Your assignment>
Give again, exactly as written, the lines of the records below from the line with "Handheld flip chart" to the line with "Large leather pink". Both end lines count; pictures do not.

Extracted data>
◆ ◆ ◆ ◆ ◆

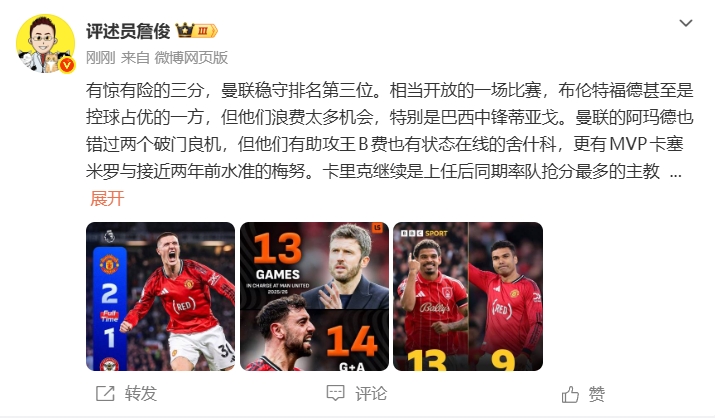 04月28日讯 曼联本轮2-1击败布伦特福德,赛后,评述员詹俊发文。
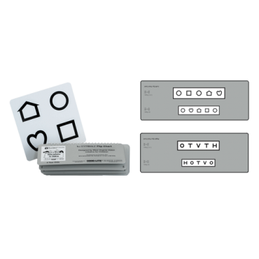 Handheld flip chart featuring LEA SYMBOLS® and HOTV optotypes to screen 3 and 4+ year olds. The background is gray with the exception of a white rectangle spaced at 50% surrounding each line of symbols. Contains one practice line of 20/80 and critical line sizes of 20/40 and 20/32. Pages offset for easy flipping. 6 pages, 3.25" x 9" (8.25 cm x 22.9 cm).
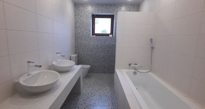 Предложение подороже — коттедж площадью 142 квадратных метра. Это дом 2020 года постройки расположен на участке 8 соток. В доме выполнен современный ремонт из дорогих материалов. Коттедж, который только предстоит наполнить мебелью и техникой, состоит из кухни-гостиной, трех жилых комнат, а также просторной ванной комнаты с сантехникой. В коридоре и кухне — теплые полы. Большая кухня совмещена с гостиной и имеет дополнительный выход на террасу. Ну, а стоит такой дом 135 тысяч долларов.
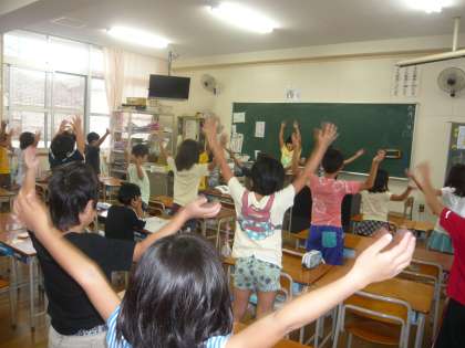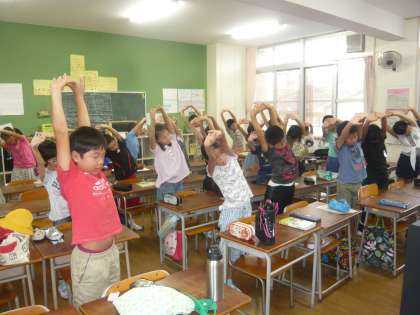 今週は、月初めの健康週間ですので、読書タイム後に健康チェックとノビノビたいそうをしました。
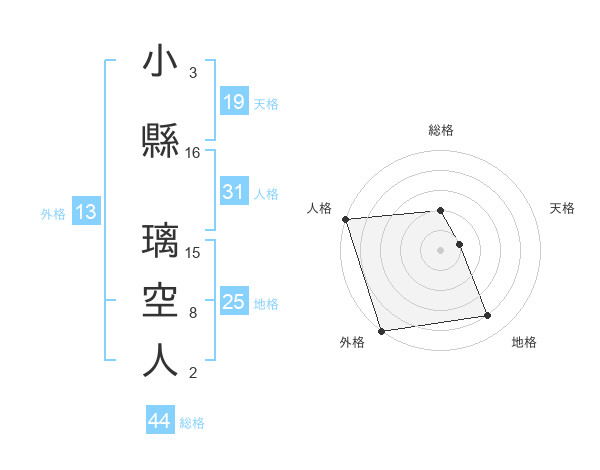 小縣 璃空人さんを姓名の画数から五運を鑑定
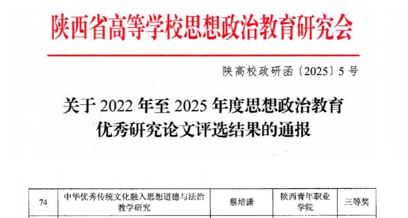 近日,陕西省高等学校思想政治教育研究会公布2022年至2025年度思想政治教育优秀研究论文评选结果,我校马克思主义学院教师蔡培潇撰写的论文《中华优秀传统文化融入思想道德与法治教学研究》荣获三等奖。
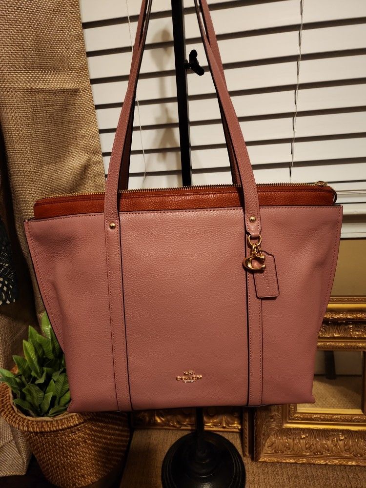 Large leather pink and burnt orange tote with a zipper closure and gold hardware. The bag is new, never worn. It is 13.5" in length and 12" in height. Awesome bag!!
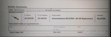 Vendo coppia di ammortizzatori Anteriori Bilstein B4 22-1837 per VW Golf VI, Beetle, Skoda Yeti.
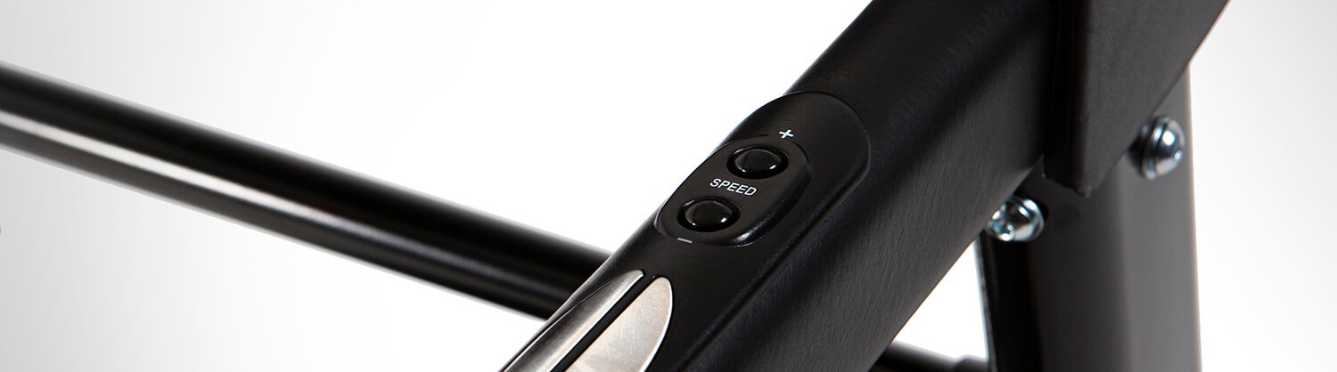 Gracias a su conectividad SMART TRAINING, puedes enlazarla con ZWIFT y KINOMAP, permitiendo que la inclinación se ajuste automáticamente al perfil del entrenamiento seleccionado. La pantalla LED integrada muestra en tiempo real velocidad, distancia, inclinación, calorías, pulso, tiempo y Body Fat, y permite un control fácil desde las teclas de acceso rápido en el manillar.
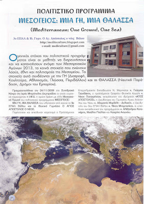 Το περιοδικό ΥΔΡΟ-ΒΙΟΣ σφαίρα (τεύχος 4 Νοέμβριος – Δεκέμβριος 2009) φιλοξενεί τις δράσεις του πολιτιστικού προγράμματος “ΜΕΣΟΓΕΙΟΣ: ΜΙΑ ΓΗ, ΜΙΑ ΘΑΛΑΣΣΑ”.
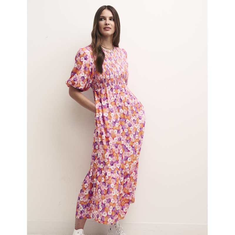 "Looking for a new smock dress youll wear over and over? Kelsie is the one.We love the chrysanthemum print blooming with orange, pink and purple flowers. Were also really into her extra puffy sleeves and floaty-tiered hem. Slip into high tops and wear her

◆ ◆ ◆ ◆ ◆

Result of the exercise>
 Handheld flip chart featuring LEA SYMBOLS® and HOTV optotypes to screen 3 and 4+ year olds. The background is gray with the exception of a white rectangle spaced at 50% surrounding each line of symbols. Contains one practice line of 20/80 and critical line sizes of 20/40 and 20/32. Pages offset for easy flipping. 6 pages, 3.25" x 9" (8.25 cm x 22.9 cm).
 Предложение подороже — коттедж площадью 142 квадратных метра. Это дом 2020 года постройки расположен на участке 8 соток. В доме выполнен современный ремонт из дорогих материалов. Коттедж, который только предстоит наполнить мебелью и техникой, состоит из кухни-гостиной, трех жилых комнат, а также просторной ванной комнаты с сантехникой. В коридоре и кухне — теплые полы. Большая кухня совмещена с гостиной и имеет дополнительный выход на террасу. Ну, а стоит такой дом 135 тысяч долларов.
 今週は、月初めの健康週間ですので、読書タイム後に健康チェックとノビノビたいそうをしました。
 小縣 璃空人さんを姓名の画数から五運を鑑定
 近日,陕西省高等学校思想政治教育研究会公布2022年至2025年度思想政治教育优秀研究论文评选结果,我校马克思主义学院教师蔡培潇撰写的论文《中华优秀传统文化融入思想道德与法治教学研究》荣获三等奖。
 Large leather pink and burnt orange tote with a zipper closure and gold hardware. The bag is new, never worn. It is 13.5" in length and 12" in height. Awesome bag!!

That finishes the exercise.